*Work instructions:*
Only the lines below from the one that contains "Esta luz de" through the one that contains "Fototapeta premium Blurred" should appear in your answer, exact and without pictures.

*Stored items from a collection:*
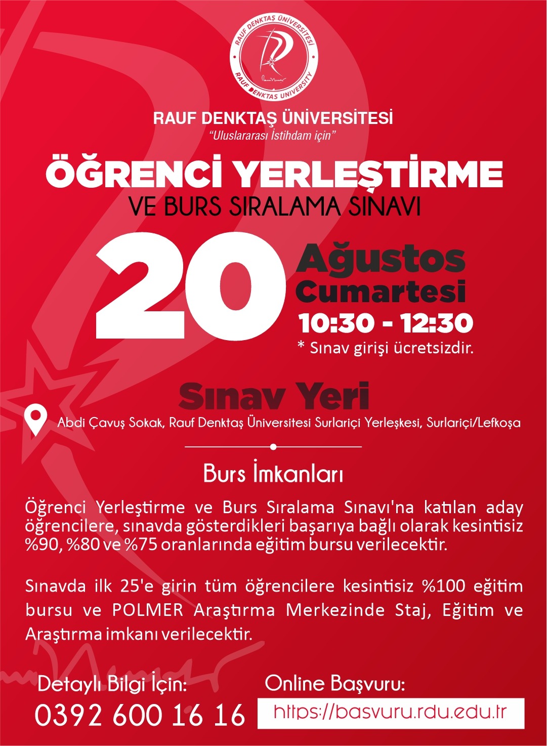 Lefkoşa, 15 Ağustos 22 (TAK): Rauf Denktaş Üniversitesi’nin (RDÜ) yerleştirme ve burs sınavı 20 Ağustos’ta yapılacak.
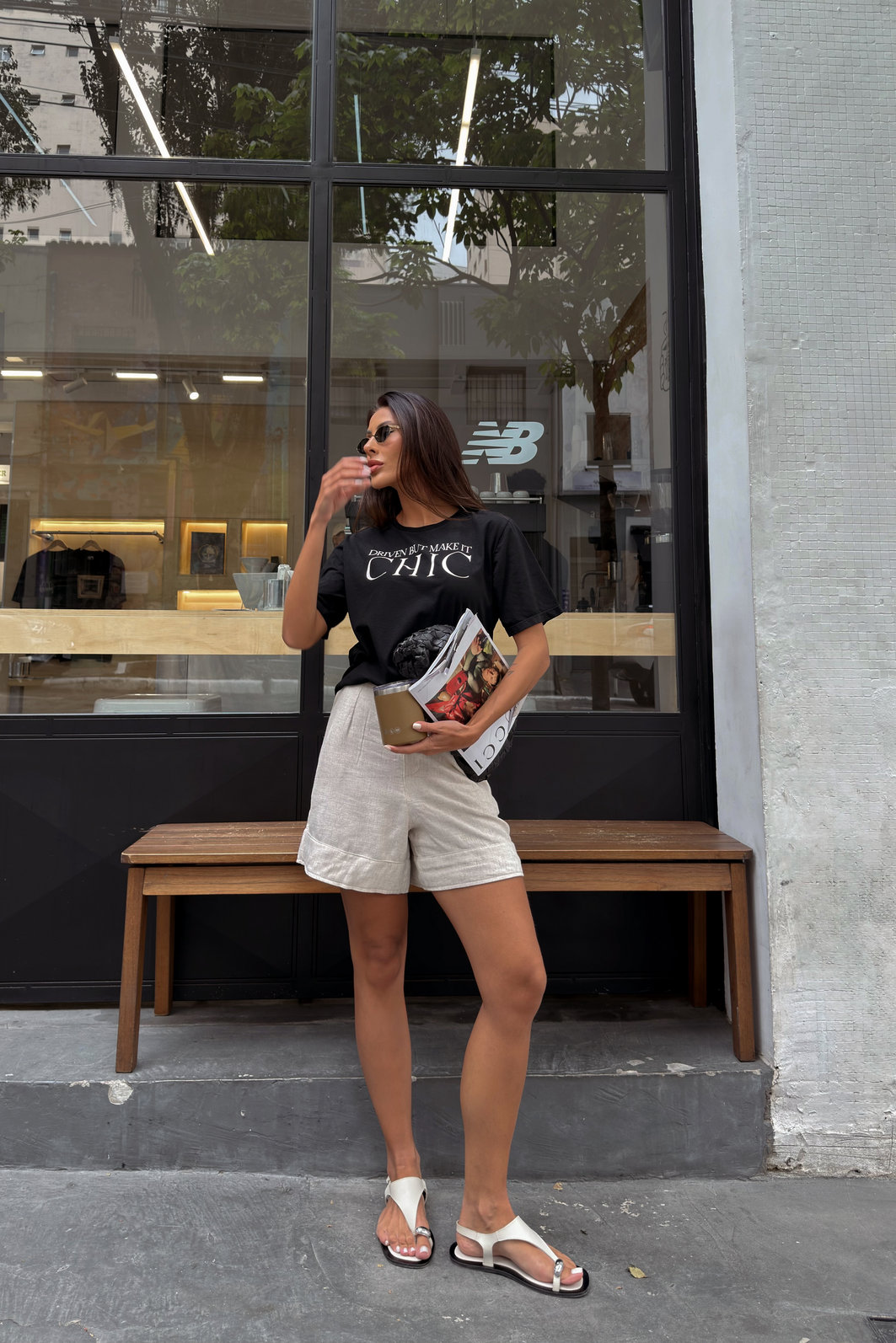 A t-shirt estonadaMake It Chic traz uma proposta atual e versátil, com visual clean que valoriza a malha preta e a mensagem da estampa. Uma peça essencial, pensada para compor produções práticas com um toque de estilo. Confeccionada em malha confortável, possui caimento fácil e toque macio, ideal para o uso diário. A base preta garante neutralidade e sofisticação, facilitando diferentes combinações. Use com jeans, alfaiataria ou saias para looks que transitam do casual ao urbano com facilidade. Uma t-shirt indispensável para quem busca conforto, versatilidade e elegância no dia a dia.
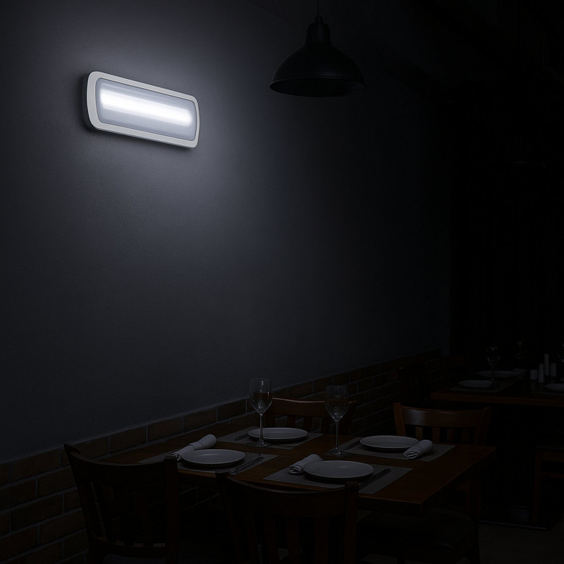 Esta luz de emergência LED fornece iluminação de reserva durante as falhas de energia, proporcionando visibilidade em situações de emergência.
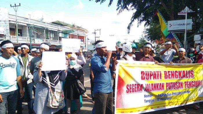 Puluhan Eks Karyawan PT Bumi Laksamana Jaya (BLJ) mendatangi kantor Bupati Bengkalis.
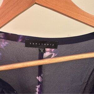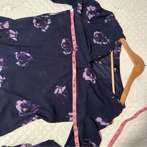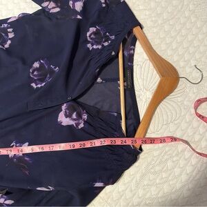 Chic blouse with navy base and purple floral design. Boxy design with split back detail. Unlined, sheer top. Ideal for versatile styling.
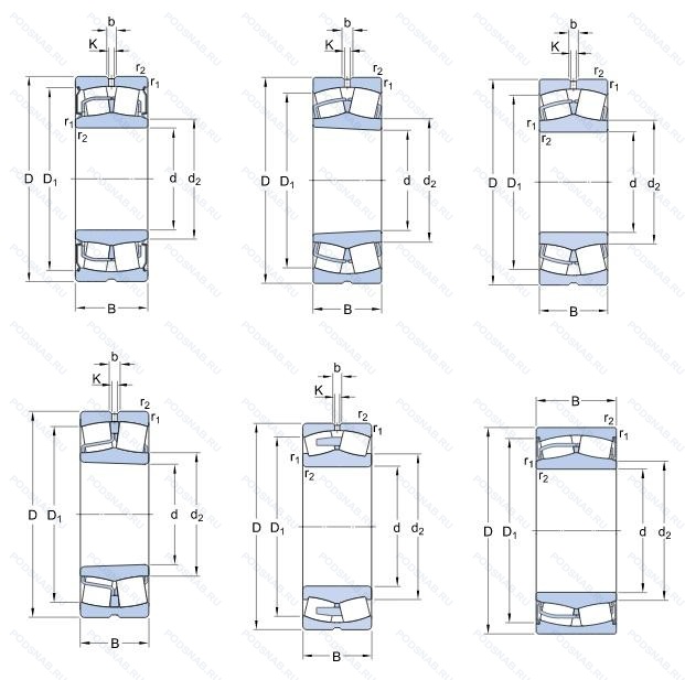 Модификации сферического роликового подшипника BS2-2209-2RSK/VT143 — это измененное основное конструктивное исполнение BS2, основные размеры (45x85x28) не отличаются.
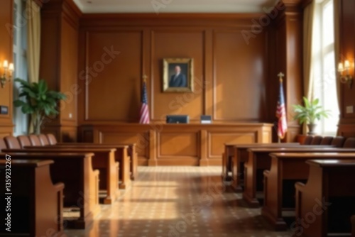 Fototapeta premium Blurred background of empty courtroom with soft lighting and elegant decor,...
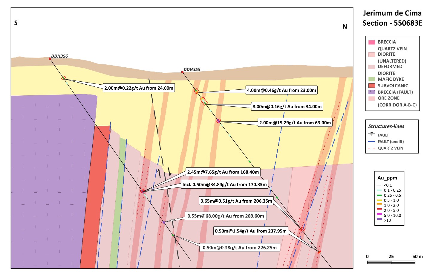 Figure 3: Cross section showing section 550683E at the Jerimum Cima discovery showing results from DDH355 and DDH356. DDH355 cut a previously unrecognised zone of high-grade mineralization 125m south of the main E-W trending mineralized zone at Jerimum Cima. The mineralized zone remains open to the east and west and down-dip. True widths may be 50% of actual drill intercepts. Terms: g/t = grams / tonne, m = metres, Au = gold
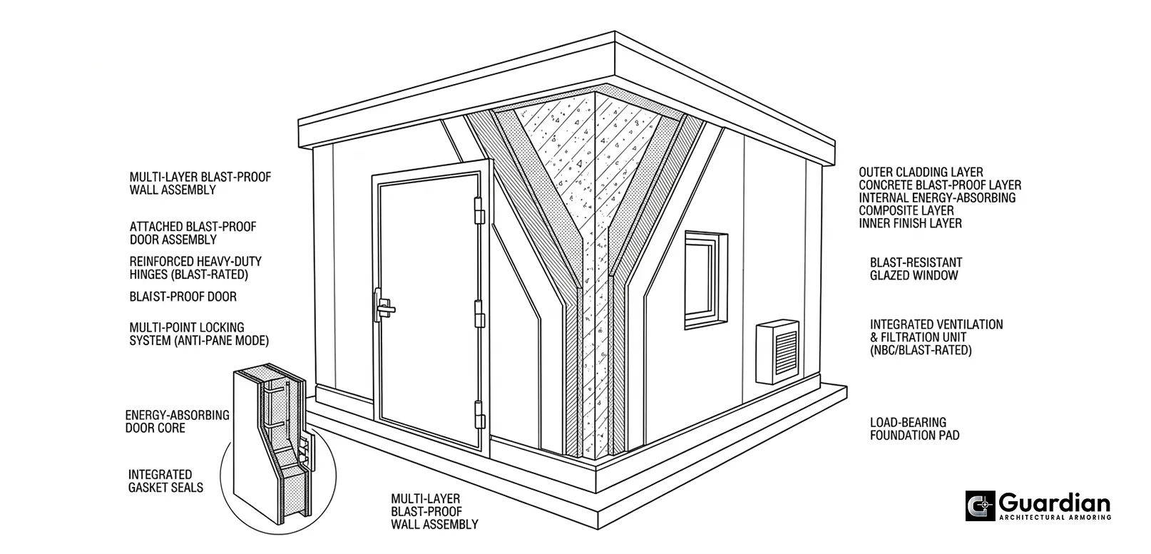 Choosing Guardian Walls means choosing reliability, innovation, and certified protection. ✔ UAE-based manufacturing expertise, ✔ Compliance with international standards, ✔ Custom-built solutions for each project, ✔ Integration with bullet resistant doors & systems, ✔ Global supply & installation support
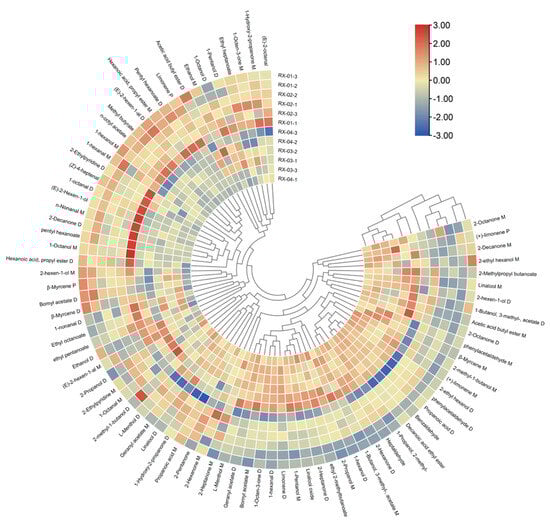 Cluster analysis (CA) is the grouping of data objects based on the information found in the data describing the objects and their relationships []. In order to further build the identification model, this study used heat maps to visualize the data between samples and imported 81 volatile component peaks in olibanum after irradiation at 0 kGy, 1.5 kGy, 3.0 kGy, and 6.0 kGy 60Co doses into TBtools. The cluster analysis is depicted in Figure 7. It can be seen that RX-01 and RX-02 were in the same category and that RX-03 and RX-04 were also in the same category.

*Exercise answer:*
 Esta luz de emergência LED fornece iluminação de reserva durante as falhas de energia, proporcionando visibilidade em situações de emergência.
 Puluhan Eks Karyawan PT Bumi Laksamana Jaya (BLJ) mendatangi kantor Bupati Bengkalis.
 Chic blouse with navy base and purple floral design. Boxy design with split back detail. Unlined, sheer top. Ideal for versatile styling.
 Модификации сферического роликового подшипника BS2-2209-2RSK/VT143 — это измененное основное конструктивное исполнение BS2, основные размеры (45x85x28) не отличаются.
 Fototapeta premium Blurred background of empty courtroom with soft lighting and elegant decor,...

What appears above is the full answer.